Significantly higher rates of kidney failure were found among patients with WAGR syndrome (WAGR), Denys-Drash syndrome (DDS), and those with associated male genitourinary (GU) anomalies, all related to constitutional WT1 pathogenic variants [6, 7]. The rate of deterioration of kidney function varies according to the syndrome, with a much earlier onset of kidney failure described in children with DDS (due to intragenic WT1 pathogenic variants) than in those with a complete deletion of one allele of WT1, as in WAGR syndrome [8]. Frasier syndrome, due to WT1 splicing pathogenic variant, has an intermediate rate of decline in kidney function and a much lower risk of WT [9, 10].

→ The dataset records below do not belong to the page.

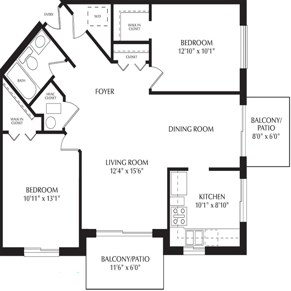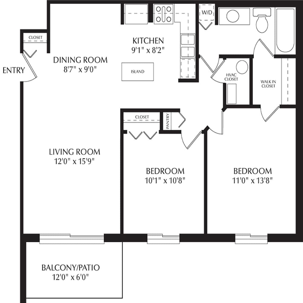 Modelo de apartamento: BirchLlame para Precios2 Dormitorios, 1 Baño, 915 sq ftNo DisponibleBirch - Plano 1 Birch - Plano 2 Magnolia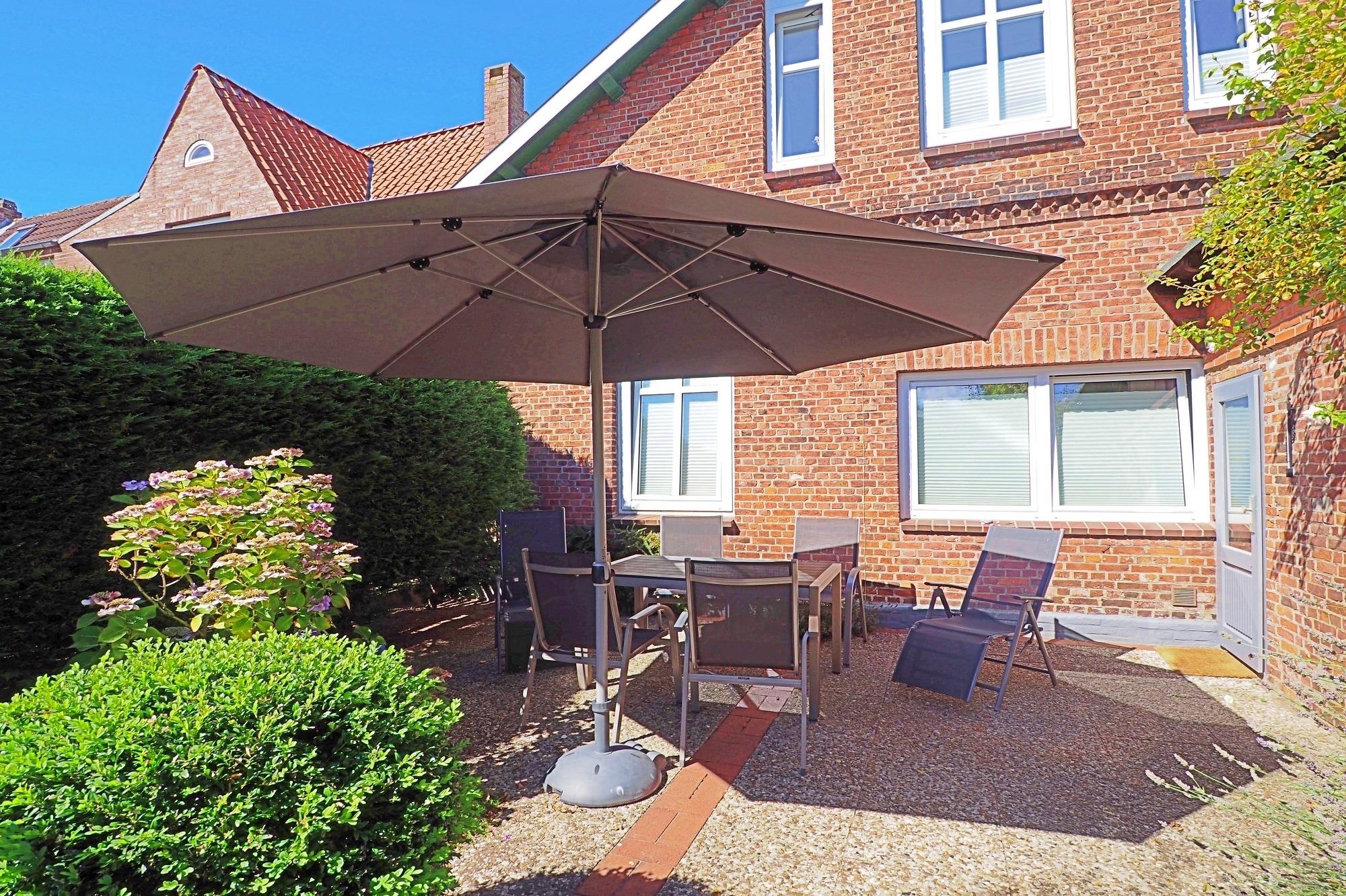 Im Garten des Hauses haben Sie Ihre eigene Terrasse mit Terrassenmöbeln und Sonnenschirm.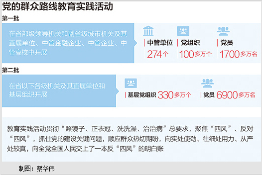 按照党中央部署,党的群众路线教育实践活动从2013年6月开始,自上而下、上下结合,分两批有序进行,到2014年9月底基本结束。第一批活动在省部级领导机关和副省级城市机关及其直属单位、中管金融企业、中管企业、中管高等学校开展,共有274个中管单位和100多万个党组织、1700多万名党员参加;第二批活动在省以下各级机关及其直属单位和基层组织开展,共有330多万个基层党组织、6900多万名党员参加。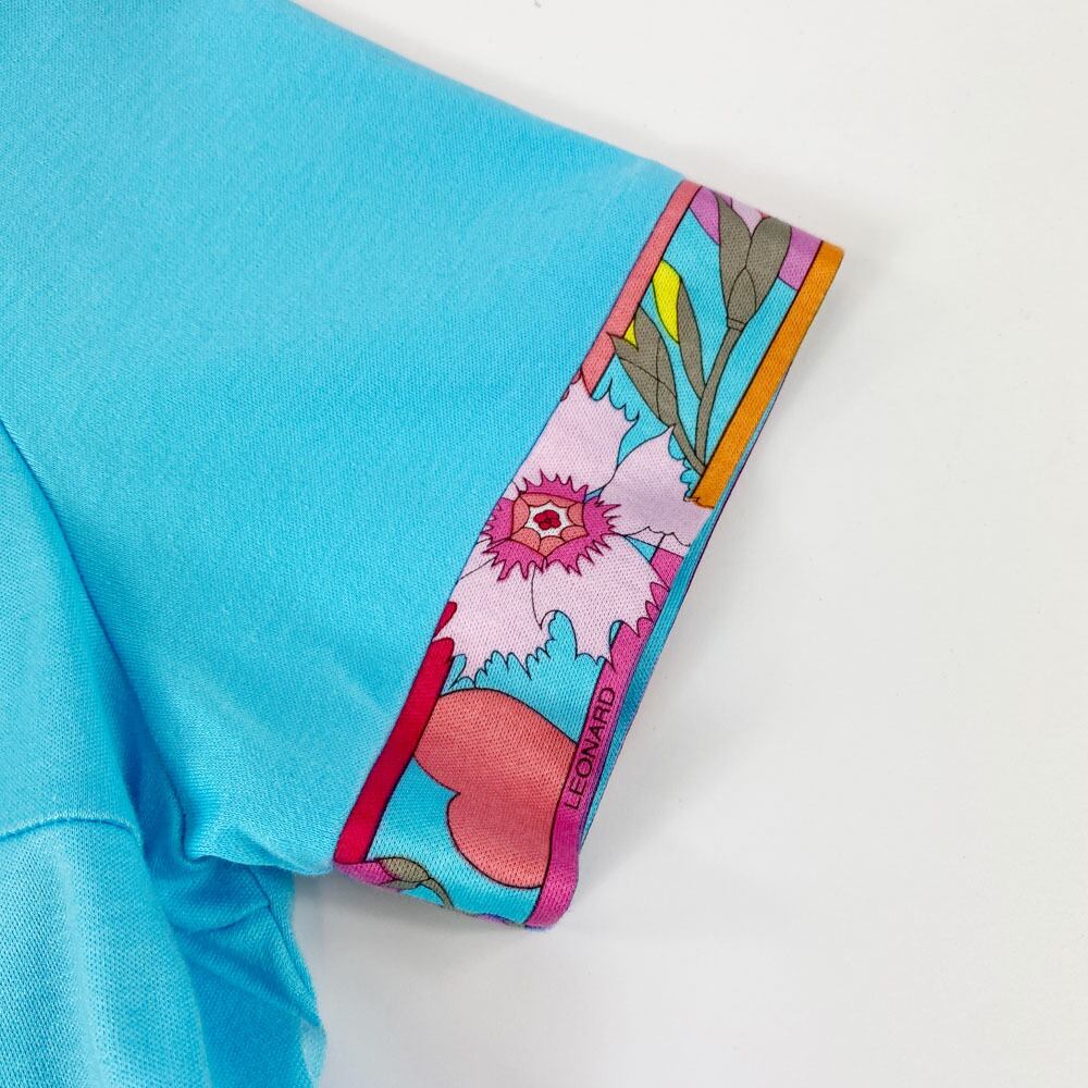 ★美品/激レア★ LEONARD SPORT レオナールスポーツ 花柄刺繍 Tシャツ ショート丈 レディース スカイブルー 青 Mサイズ 半袖 クリーニング済み

It has been reported that 74% of Denys-Drash patients, 36% of WAGR patients, and 7% of hypospadias or cryptorchidism patients had kidney failure at 20 years of follow-up, compared with only about 1% of non-syndromic children [5].

The phenotypic spectrum associated with constitutional WT1 pathogenic variant is broad. We await prospective studies to determine more accurately the proportion of patients with WT1 pathogenic variant who have unilateral WT without associated GU abnormalities. Two previous studies that sequenced the WT1 gene in non-syndromic children with WT found a very low percentage in the absence of at least bilateral disease [6, 11]. Therefore, relying on phenotype alone to identify individuals with WT who have constitutional WT1 pathogenic variant may be challenging. Factors that may indicate that an individual with normal phenotype is carrying a constitutional WT1 pathogenic variant are as follows: bilateral disease, diagnosis with WT before the age of 1 year, stromal-predominant histology, and intralobar nephrogenic rests (ILNR) [12,13,14]. Among such patients, with incomplete clinical features of WT1-related syndromes and in whom WT1 missense or stop pathogenic variants are found, the impact of pathogenic variant type on the expected rate of deterioration of kidney function is currently unclear.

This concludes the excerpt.